- TASK PROMPT: A faithful copy is required: retype the records from their first line through the line with "发改综合〔2023〕545号", and omit the pictures.

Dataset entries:
=-=-=
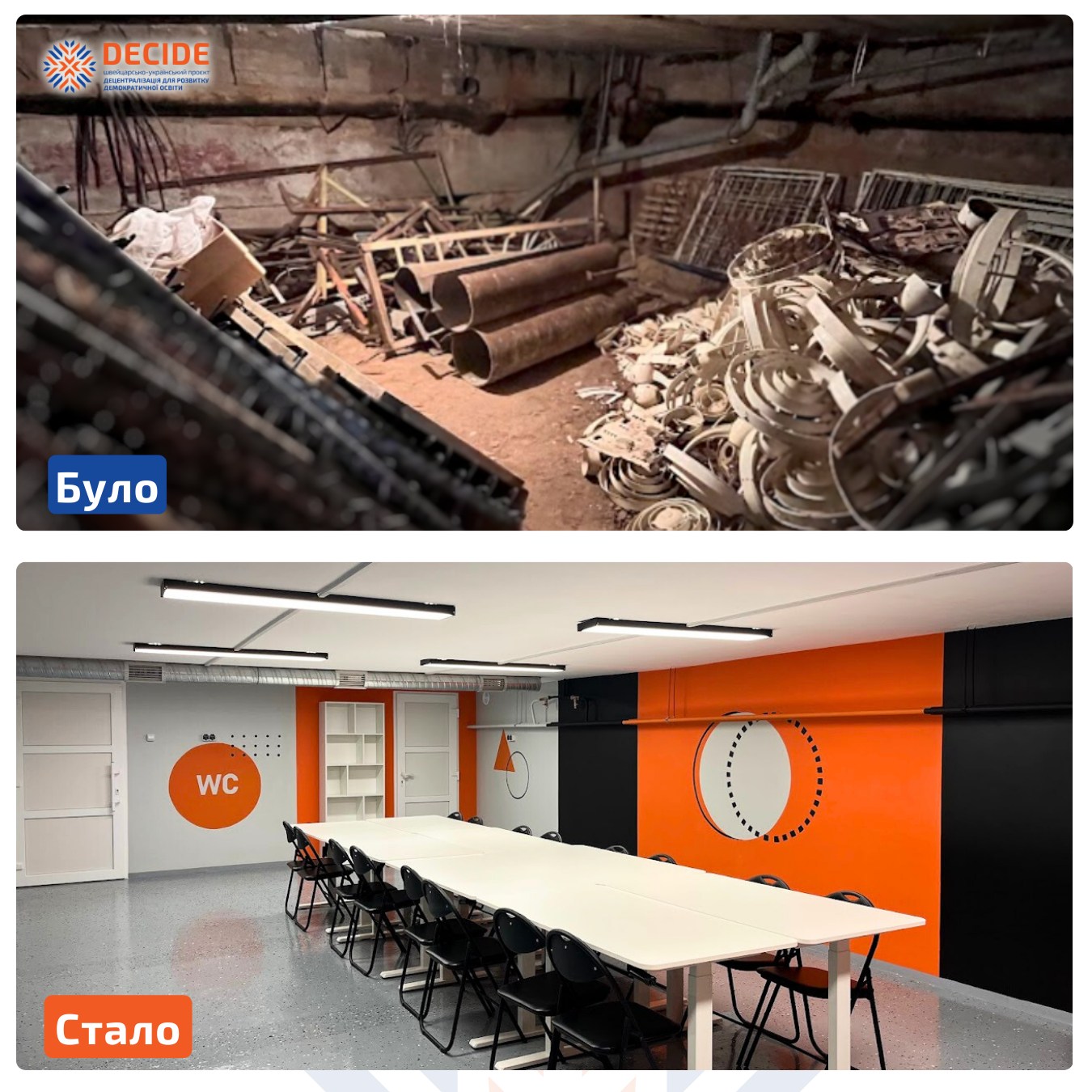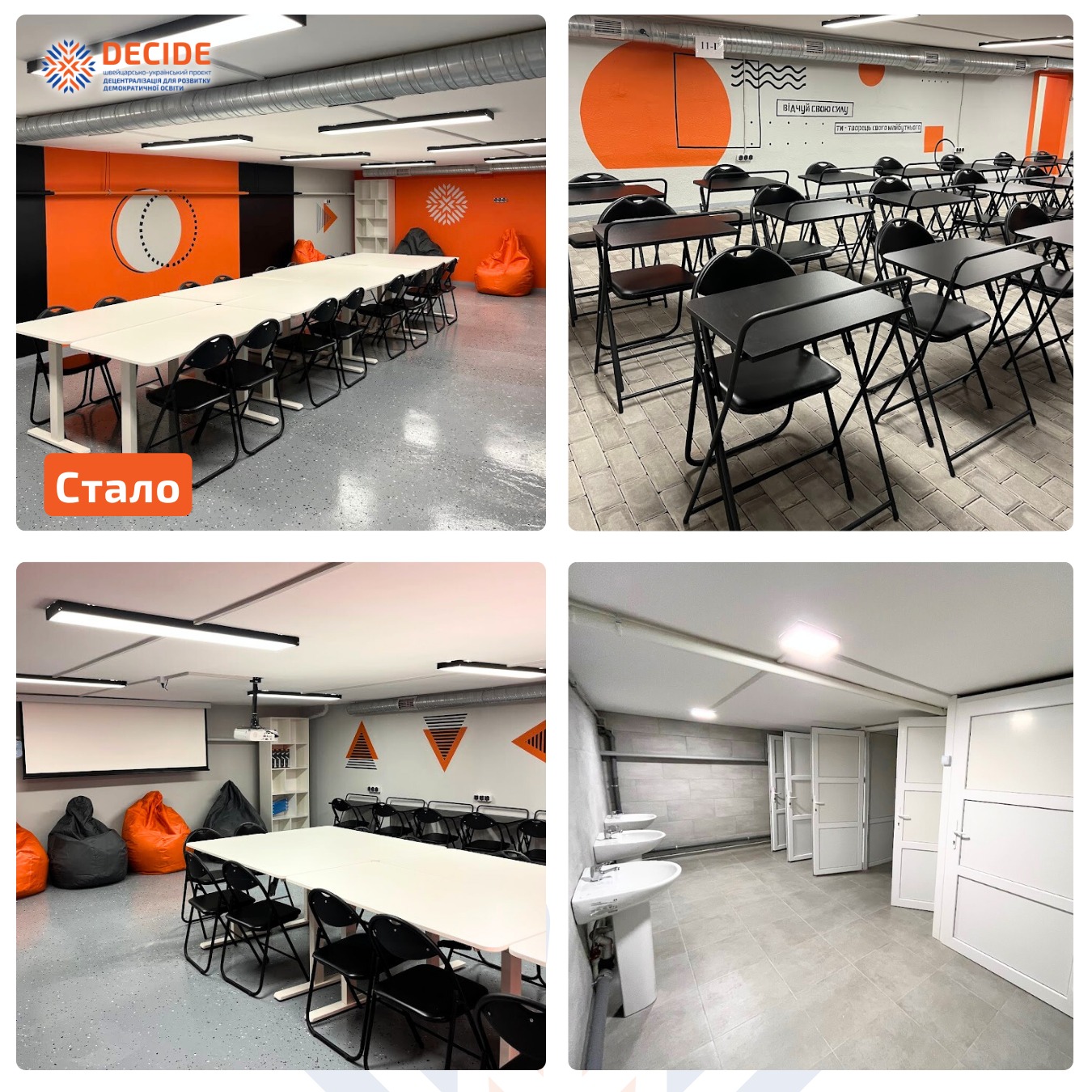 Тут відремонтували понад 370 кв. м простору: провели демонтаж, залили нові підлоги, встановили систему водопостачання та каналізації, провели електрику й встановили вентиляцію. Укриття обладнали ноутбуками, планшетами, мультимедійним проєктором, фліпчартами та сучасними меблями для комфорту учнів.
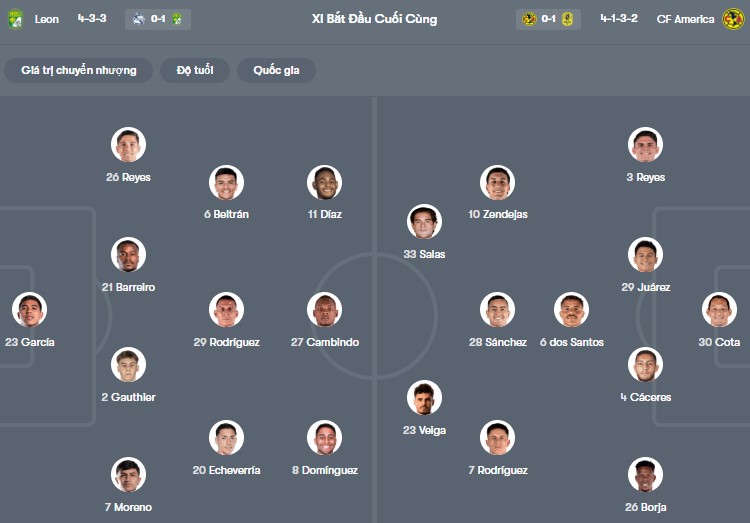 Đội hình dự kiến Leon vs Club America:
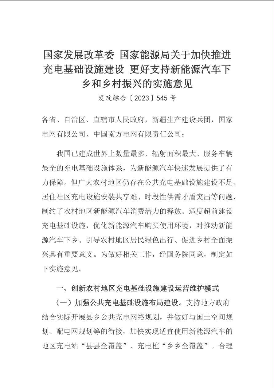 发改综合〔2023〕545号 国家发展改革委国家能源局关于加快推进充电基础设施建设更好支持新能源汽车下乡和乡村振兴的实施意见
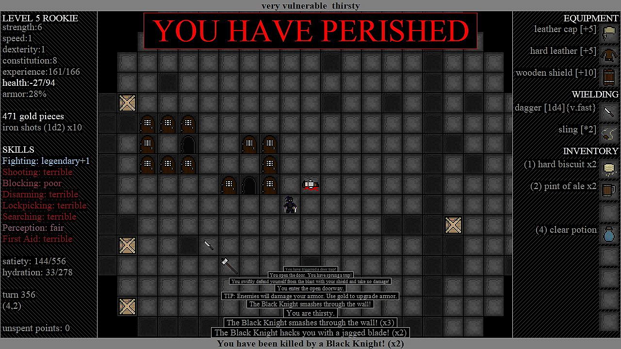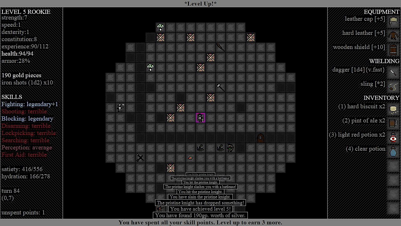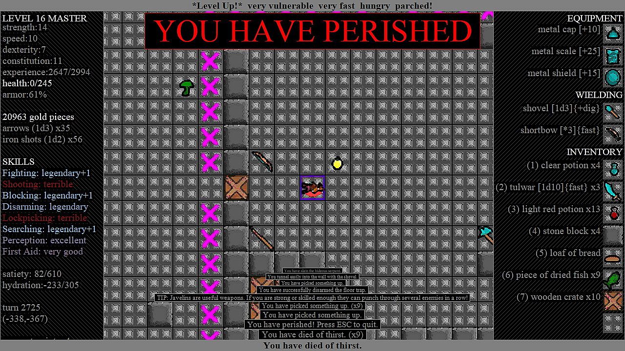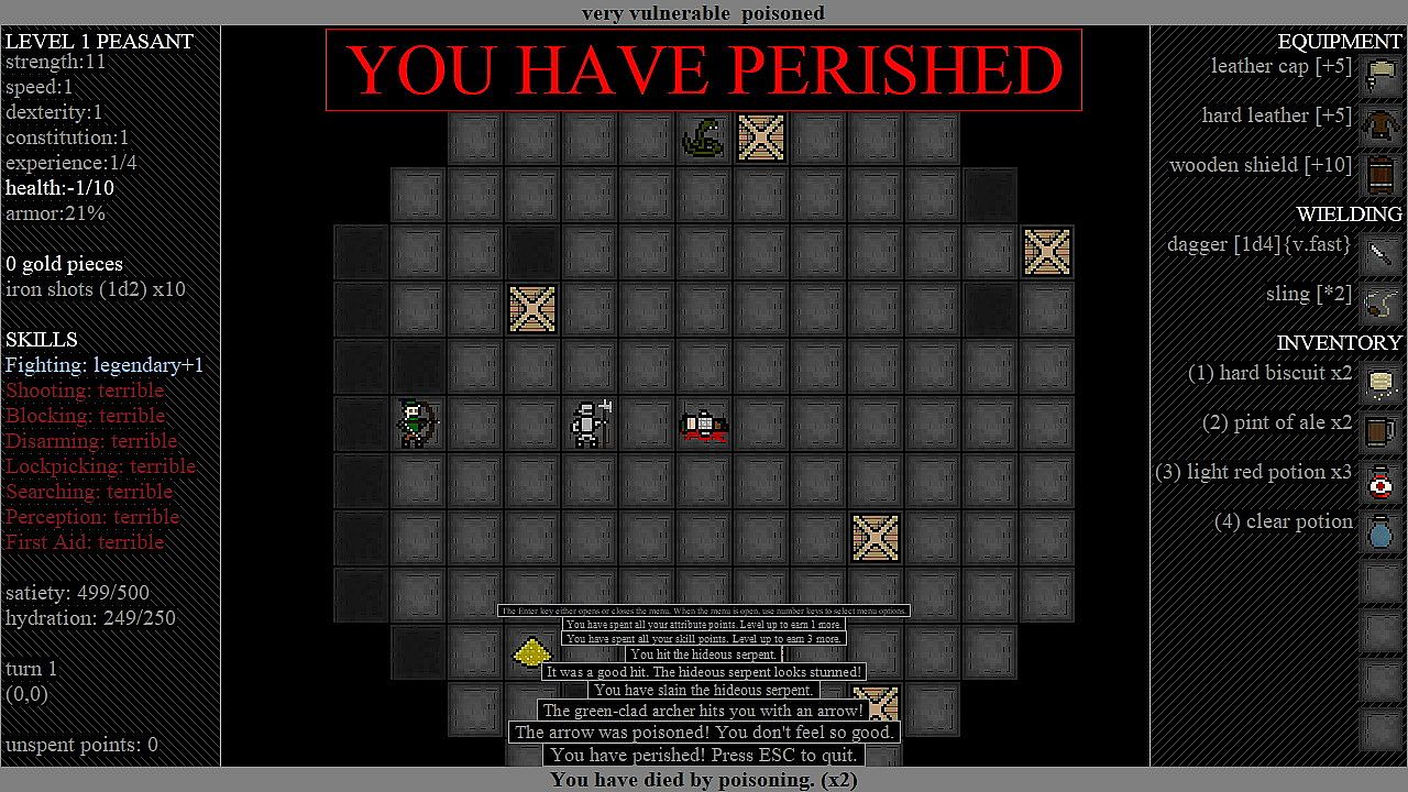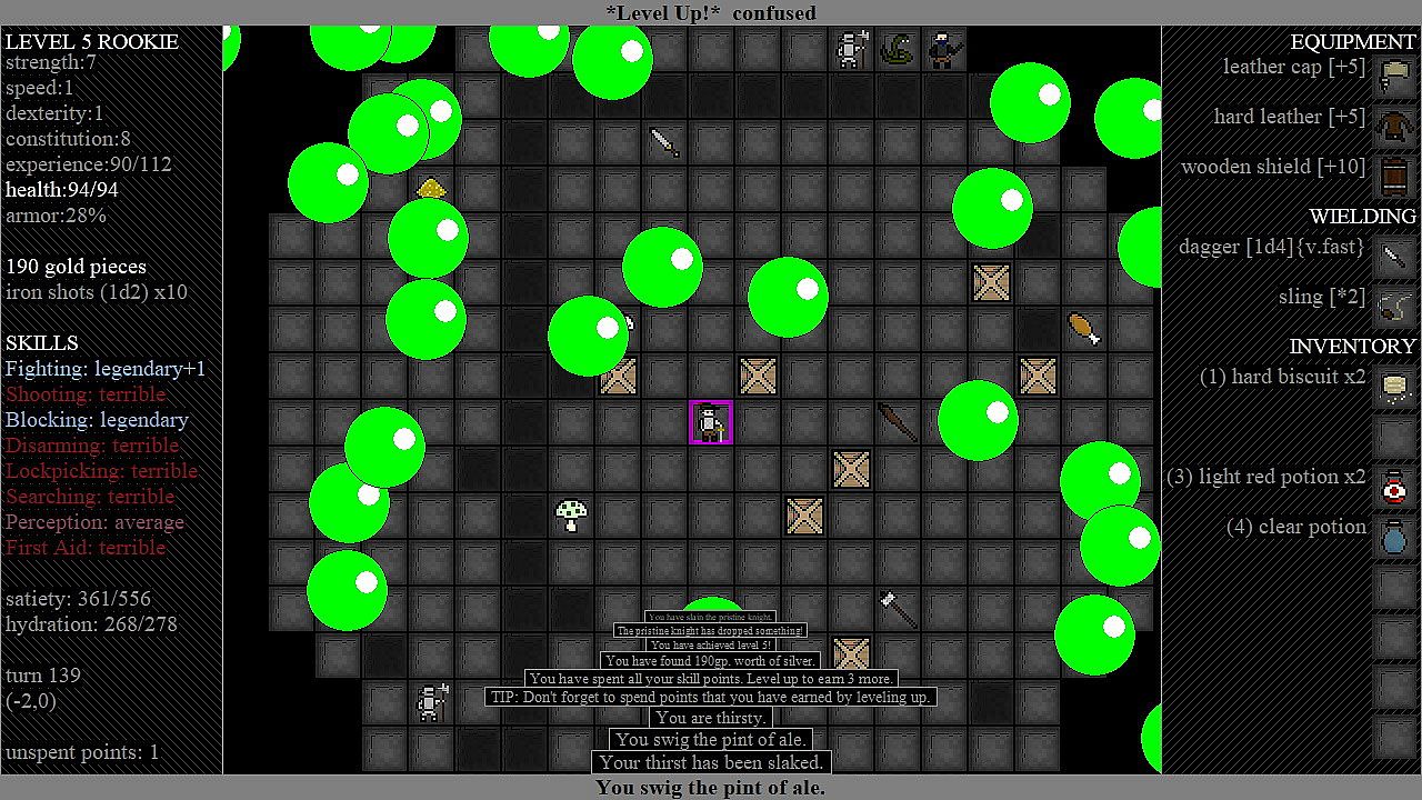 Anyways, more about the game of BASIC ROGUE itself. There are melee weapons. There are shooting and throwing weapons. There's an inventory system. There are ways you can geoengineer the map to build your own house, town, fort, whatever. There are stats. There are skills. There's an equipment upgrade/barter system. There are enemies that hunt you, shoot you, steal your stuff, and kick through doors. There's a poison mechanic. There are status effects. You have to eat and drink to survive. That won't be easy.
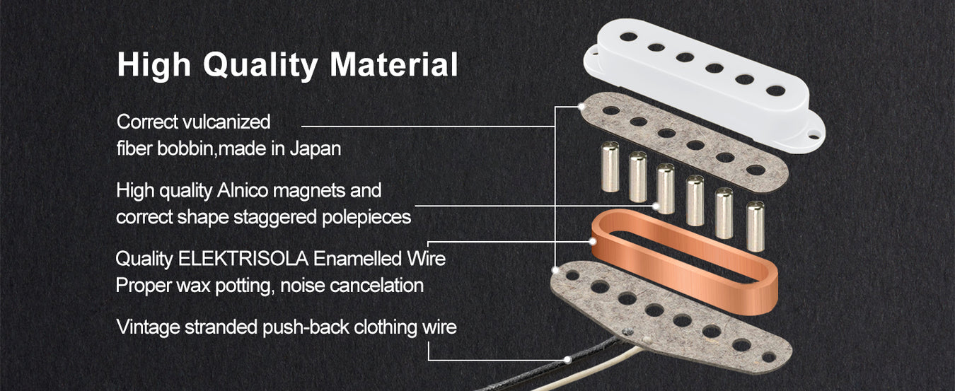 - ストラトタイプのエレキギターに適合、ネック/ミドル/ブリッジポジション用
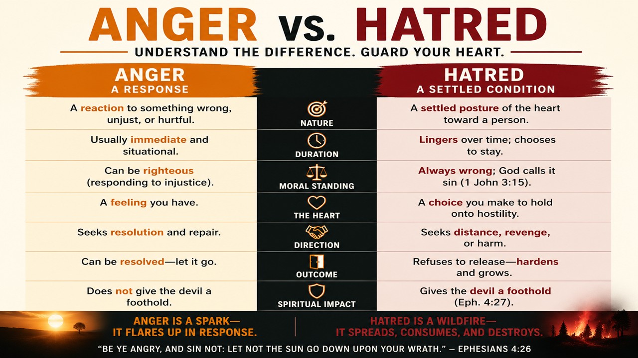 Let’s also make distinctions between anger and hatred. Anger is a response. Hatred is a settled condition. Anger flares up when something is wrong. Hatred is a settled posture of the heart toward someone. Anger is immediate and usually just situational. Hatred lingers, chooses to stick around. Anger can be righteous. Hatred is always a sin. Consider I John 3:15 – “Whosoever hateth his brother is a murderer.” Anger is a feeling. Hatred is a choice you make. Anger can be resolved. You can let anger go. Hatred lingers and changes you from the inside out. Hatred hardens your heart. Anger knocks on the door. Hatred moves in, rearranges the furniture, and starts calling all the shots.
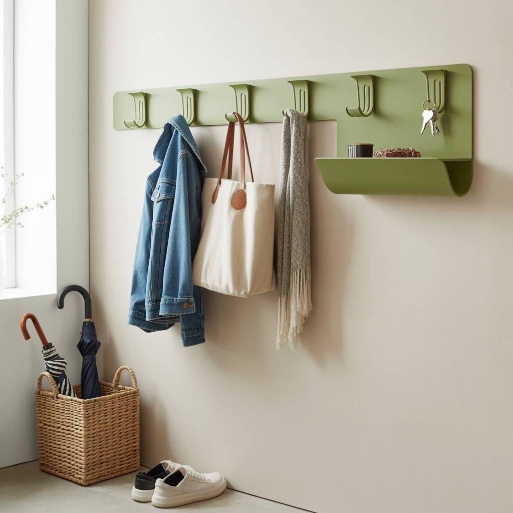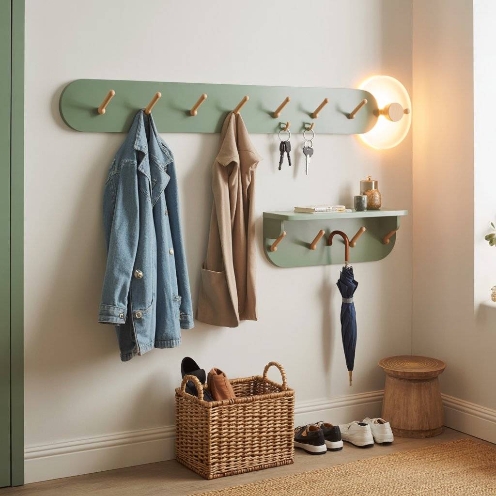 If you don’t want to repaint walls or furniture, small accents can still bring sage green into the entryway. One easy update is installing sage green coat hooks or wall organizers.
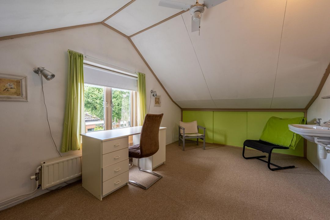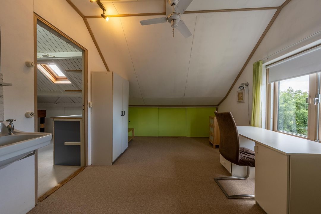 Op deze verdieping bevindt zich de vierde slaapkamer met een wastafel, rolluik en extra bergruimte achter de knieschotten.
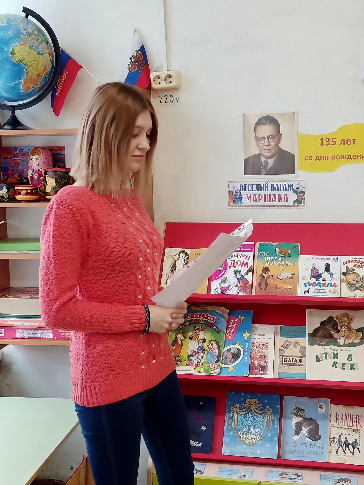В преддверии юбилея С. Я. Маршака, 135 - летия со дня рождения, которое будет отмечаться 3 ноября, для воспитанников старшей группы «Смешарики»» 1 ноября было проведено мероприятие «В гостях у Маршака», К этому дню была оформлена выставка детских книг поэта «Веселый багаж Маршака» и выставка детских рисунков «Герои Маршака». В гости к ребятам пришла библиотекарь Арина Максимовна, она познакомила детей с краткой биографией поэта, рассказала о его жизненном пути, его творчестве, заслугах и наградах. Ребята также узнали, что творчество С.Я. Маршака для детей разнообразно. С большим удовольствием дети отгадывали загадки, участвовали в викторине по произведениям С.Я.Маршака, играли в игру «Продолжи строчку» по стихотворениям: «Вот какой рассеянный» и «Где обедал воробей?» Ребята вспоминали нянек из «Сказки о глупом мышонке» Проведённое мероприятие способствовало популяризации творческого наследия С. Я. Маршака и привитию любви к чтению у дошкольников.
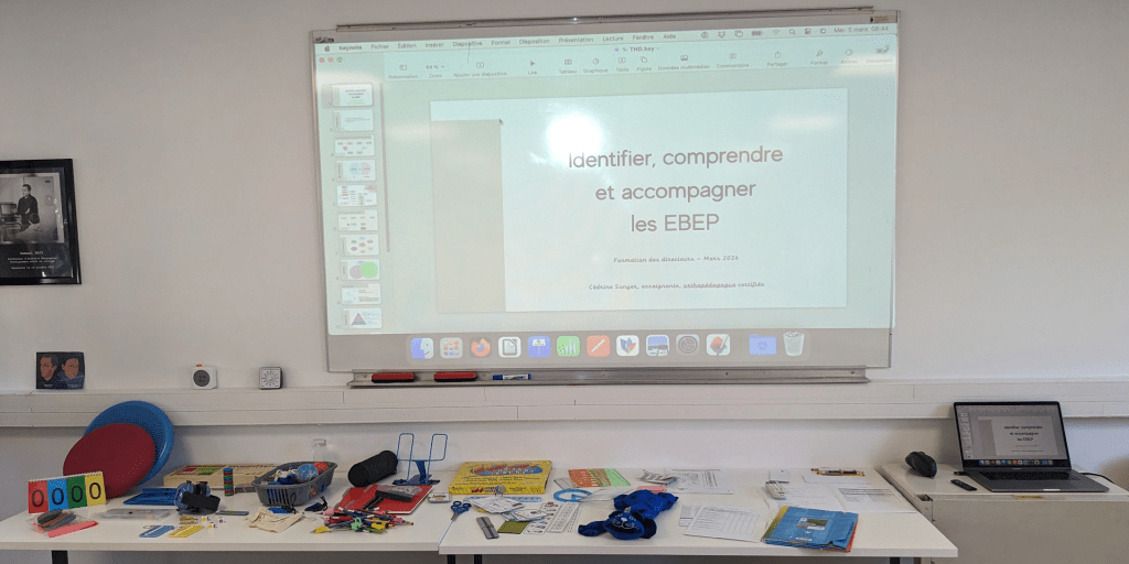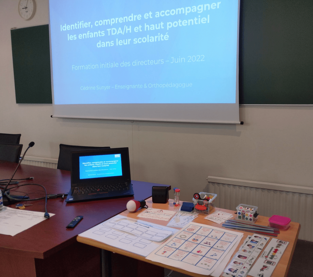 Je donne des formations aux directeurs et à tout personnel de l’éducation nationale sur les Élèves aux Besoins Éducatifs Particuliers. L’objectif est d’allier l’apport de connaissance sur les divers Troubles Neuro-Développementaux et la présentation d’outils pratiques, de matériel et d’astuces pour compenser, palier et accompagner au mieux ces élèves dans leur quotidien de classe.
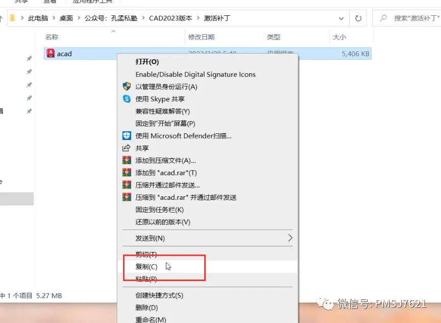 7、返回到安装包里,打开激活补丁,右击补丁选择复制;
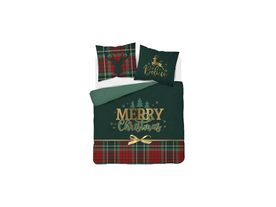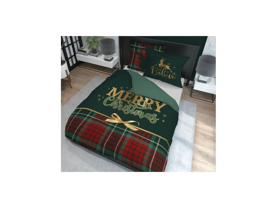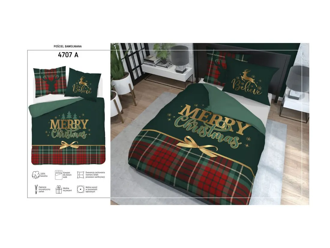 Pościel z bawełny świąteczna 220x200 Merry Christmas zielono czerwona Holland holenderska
=-=-=
- WRITTEN ANSWER:
 Тут відремонтували понад 370 кв. м простору: провели демонтаж, залили нові підлоги, встановили систему водопостачання та каналізації, провели електрику й встановили вентиляцію. Укриття обладнали ноутбуками, планшетами, мультимедійним проєктором, фліпчартами та сучасними меблями для комфорту учнів.
 Đội hình dự kiến Leon vs Club America:
 发改综合〔2023〕545号 国家发展改革委国家能源局关于加快推进充电基础设施建设更好支持新能源汽车下乡和乡村振兴的实施意见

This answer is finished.